Стоячий тотчас же снял свои туфли и надел шлепанцы. Прошелся по оранжерее, словно гарцуя. Выглядел очень довольным. Волков-Сухоруков многозначительно посмотрел на меня. Я понял, что он хочет сказать: убийца себя так вести не станет. Либо Стоячий дьявольски хитер и обладает железными нервами, либо он ни в чем не замешан.
— Вы заходили сегодня в грот? — все же спросил сыщик.
— Да я даже не знаю толком, где он находится! — ответил Антон Андронович. А вот это уже была ложь. Характерная известь на шлепанцах говорила об обратном. Но прижать его сейчас было невозможно. Нужна экспертиза.
— Ладно, свободны, — проворчал Волков-Сухоруков. — Позовите там Бижуцкого, он за дверью.
В оранжерею вошел Борис Брунович. В своей неизменной пижаме малинового цвета. Он понюхал гладиолусы и безмятежно взглянул на нас.
— Давайте признаваться, — строго произнес Волков-Сухоруков. — Вы были сегодня утром в гроте. И потеряли там зажигалку.
— Да, совершенно верно, — ответил Бижуцкий, продолжая нюхать другие цветы. Просто наслаждаясь этим.
— А вы не заметили ничего необычного… на скамейке? — напряженно спросил следователь.
— Заметил, — все так же безмятежно и ровно отозвался Борис Брунович. — Там сидел труп Аллы Борисовны Ползунковой.
— Вот как? — несколько разочарованно сказал Волков-Сухоруков. А что он ожидал услышать? — Так прямо и сидел?
— Ну… полулежал, если точнее.
— И вы этому не удивились, не испугались.
— А чего ж бояться-то, чему удивляться? После того как я заглянул однажды ночью в окно к моему соседу Гуревичу — и увидел там та-а-кое!.. — Бижуцкий понизил голос, оглянулся: — Все остальное теперь кажется семечками, уверяю вас! Вот у Гуревича было действительно страшно, удивительно. Настоящий бал сатаны. Бафомета.
— Бафомета? — ухватился за это слово сыщик. — Что вы о нем знаете?

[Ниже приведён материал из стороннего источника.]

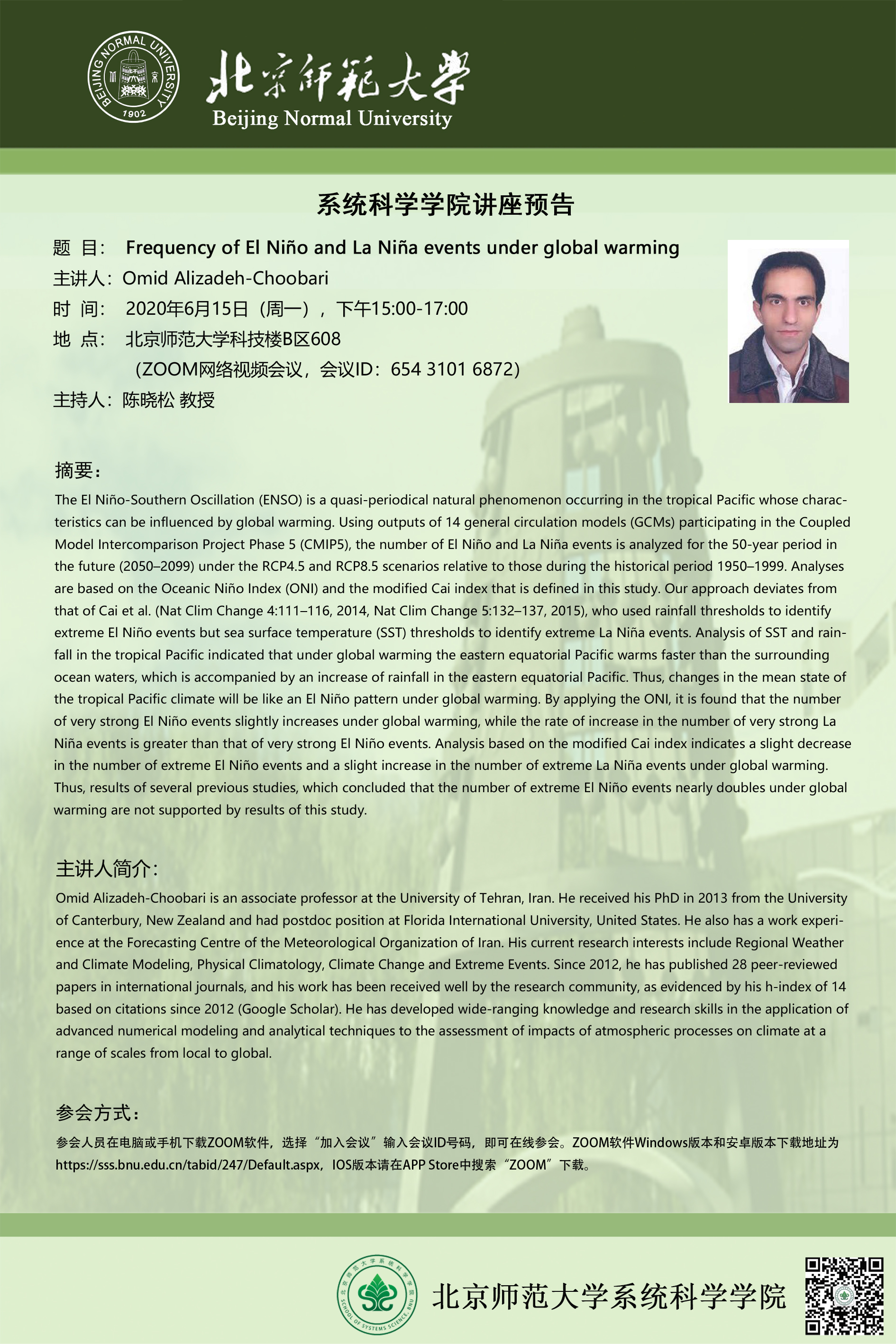 【讲座】全球变暖下极端厄尔尼诺和拉尼娜事件的发生频率(英文讲座)

— Только то, что он правит бал в этом мире. А Гуревич — его правая рука. Или левое копыто.
— Оставьте Гуревича в покое! — разозлился Волков-Сухоруков. — Отвечайте по существу. Что вы сделали после того, как увидели труп в гроте? И почему никому не сообщили?
— Я не вмешиваюсь в земные дела, — подчеркнуто-презрительно сообщил Бижуцкий. — Это прерогатива людей мелких, суетных. А после шабаша у Гуревича…
— Заткнитесь! — совсем уже грубо взъярился следователь. Привык там у себя в подвалах орать. Пришлось мне вмешаться.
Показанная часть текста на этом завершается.